The randomized, double-blind, placebo-controlled Phase 2 trial will evaluate the immunological efficacy, clinical activity and safety of EP-101 administered in combination with standard-of-care therapeutics and avelumab as neoadjuvant therapy in women with breast cancer. Patients will be randomized to receive EP-101 or placebo in combination with the other two agents. Approximately 84 patients will be enrolled in the trial, which is targeted to begin during the first quarter of 2018.

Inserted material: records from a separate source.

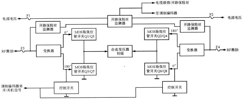 在射頻功放模塊的設計中,兩個半橋式組態(tài)采用單獨的電源和射頻激勵輸入,這樣可以使每個放大器兩個半橋獨立地進行工作。如將Q1/Q3源極和QS/Q7的漏極接在一起,射頻輸出從0V到+V,則可保證當一個全橋組態(tài)的射頻功放模塊在任何一個半橋出現(xiàn)故障時,射頻功放模塊仍然可以工作。只是射頻輸出電壓減小為全橋組態(tài)的一半而已。
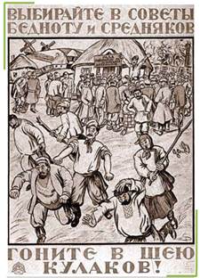 Вибирайте до ради бідноту і середняків. Женіть у шию куркулів Плакат. 1920 р.
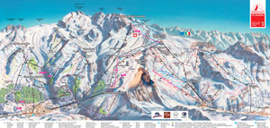 Zermatt Ski Stats: 12,791′ Summit, Vertical drop: 7,477′, 53 Lifts, Prepared Trails/Pistes: 153 miles, glacier skiing and more terrain interconnected to Cervinia, Italy. Hire a guide/bergfuherer to explore 1,000s of acres of off-piste terrain.
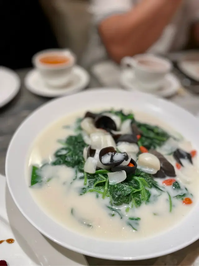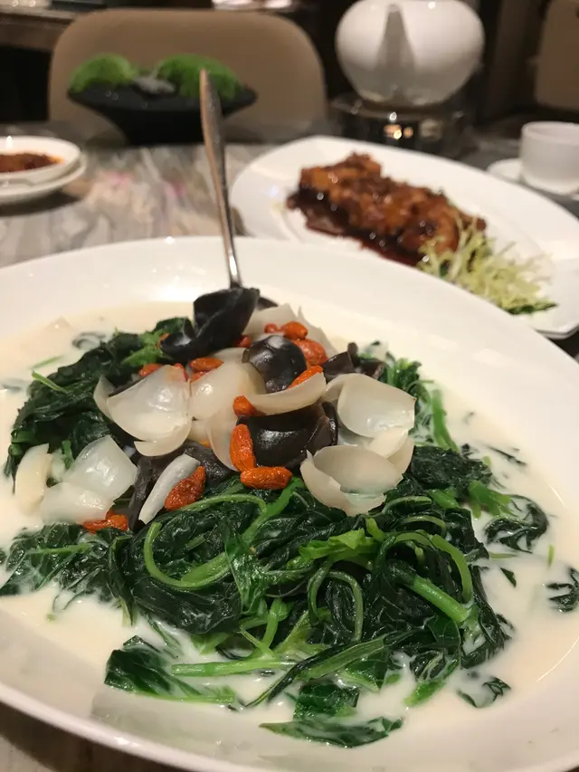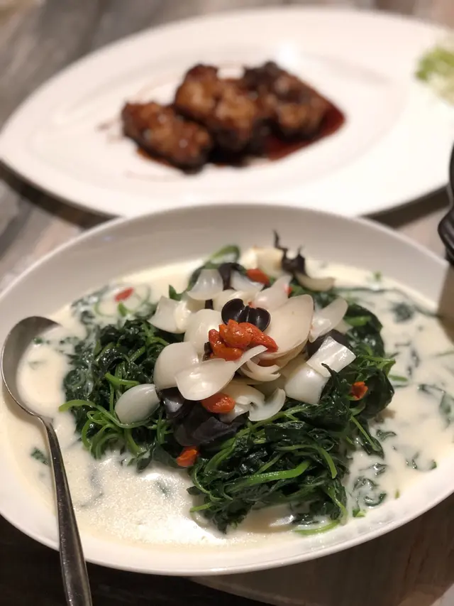 同友人慶祝生日,佢係一位對中菜幾高要求既人,上網搵到哩間位於鷹君中心的中菜廳,食物同環境都幾吸引,就訂座黎一試。極品蜜汁叉燒 $208厚切叉燒,肥瘦均勻,沾上蜜汁,做得高水準,每一啖都好林又爽口。第一道菜同朋友已經留下好印象,期待打後的每一道餸菜。焗釀鮮蟹蓋 - 芝士焗 $158賣相非常有趣,金黃色既芝士內有乾坤!內有滿滿的蟹肉,混有芝士、羅白絲等配料,估唔到裡面係有咁多拆肉蟹肉,食得勁方便。濃湯花膠雞絲羹 $198/位女士們都鍾情花膠哩個養生食材,哩個羹清清地十分足料,花膠切條,有木耳絲同雞絲。巧手醋香黑豚肉 $268哩碟既黑醋醬汁做得非常出色,係哩度既推薦小菜,黑豚肉沾滿醬汁,好開胃。鮮杏汁杞子百合浸時蔬 $238雪白色既杏汁煮蔬菜第一次食,所有食材都特別適合女士,美顏明目,杏汁濃郁。窩燒海味飯 $238一上枱香氣撲鼻,個飯調味得恰道好處。黑糖桃膠薑汁3.6牛乳奶凍 $68/位哩道甜品絕對值得一食再食,我地都大讚,超滑身既奶凍,混入黑糖同薑汁,冰涼甜品,面頭有我最喜歡的桃膠。…查看更多
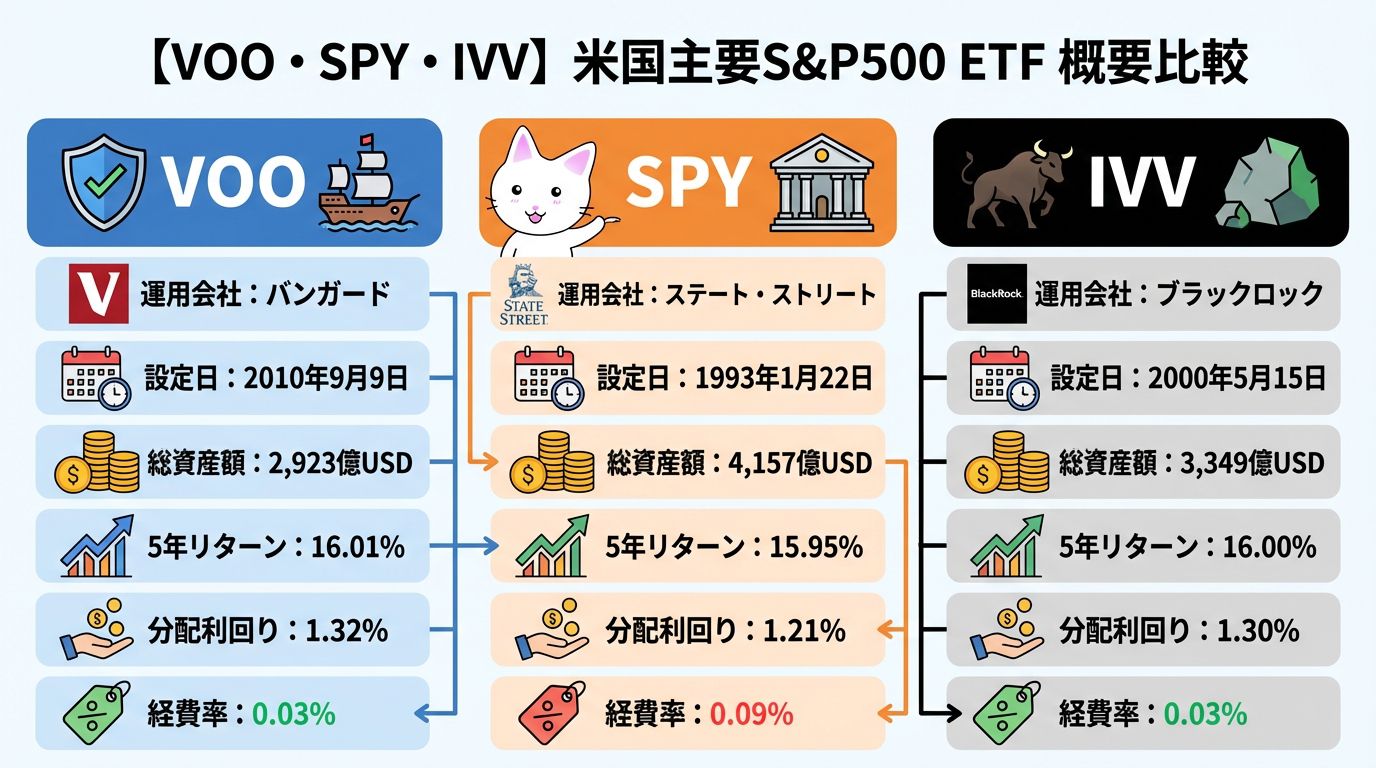 【VOO・SPY・IVV】の概要比較

"Despite advances in treatment for these patients over recent years, response rates remain low and chance of recurrence is high," said Alise Reicin, M.D., Head of Global Clinical Development in the biopharma business of Merck KGaA, Darmstadt, Germany. "This collaboration with EpiThany to evaluate a Th-1 selective vaccine in combination with avelumab allows us to explore a potential synergistic immuno-oncology treatment regimen that may provide improved outcomes for women with this common form of breast cancer."

"A key focus of our clinical development program for avelumab is to evaluate the role and potential of combination therapy in immuno-oncology," said Chris Boshoff, M.D., Ph.D., Senior Vice President and Head of Immuno-oncology, Early Development and Translational Oncology, Pfizer Global Product Development. "Through this collaboration with EpiThany, we look forward to assessing and understanding the benefits that the combination of avelumab and EP-101 may offer as a treatment option for patients with breast cancer."

*Avelumab is under clinical investigation for treatment of breast cancer and has not been demonstrated to be safe and effective for this indication. There is no guarantee that avelumab will be approved for breast cancer by any health authority worldwide.

About Breast Cancer

The breast cancer patients in this study represent the majority of newly diagnosed cases, and receive neoadjuvant aromatase inhibitor therapy as the current standard of care prior to surgical resection. Despite such treatment, surgical pathological complete response (pCR) rates are low (5–12%),^1-7 and patients remain at high risk of recurrence. Successful immunotherapy for these patients may require tumor-antigen-specific generation of T-helper Type 1 (Th1) tumor infiltrating lymphocytes (TIL) that can be amplified by co-administered anti-PD-1/PD-L1 antibodies.

About Avelumab

Avelumab is a human antibody specific for a protein called PD-L1, or programmed death ligand-1. Avelumab is designed to potentially engage both the adaptive and innate immune systems. By binding to PD-L1, avelumab is thought to prevent tumor cells from using PD-L1 for protection against white blood cells, such as T-cells, exposing them to anti-tumor responses. Avelumab has been shown to induce antibody-dependent cell-mediated cytotoxicity (ADCC) in vitro. Common adverse reactions in patients treated with avelumab include fatigue, musculoskeletal pain, diarrhea, nausea, infusion-related reaction, peripheral edema, decreased appetite, and rash. Immune-mediated adverse reactions have also been reported and can include pneumonitis, hepatitis, colitis, endocrinopathies, nephritis and renal dysfunction. In November 2014, Merck and Pfizer announced a strategic alliance to co-develop and co-commercialize avelumab.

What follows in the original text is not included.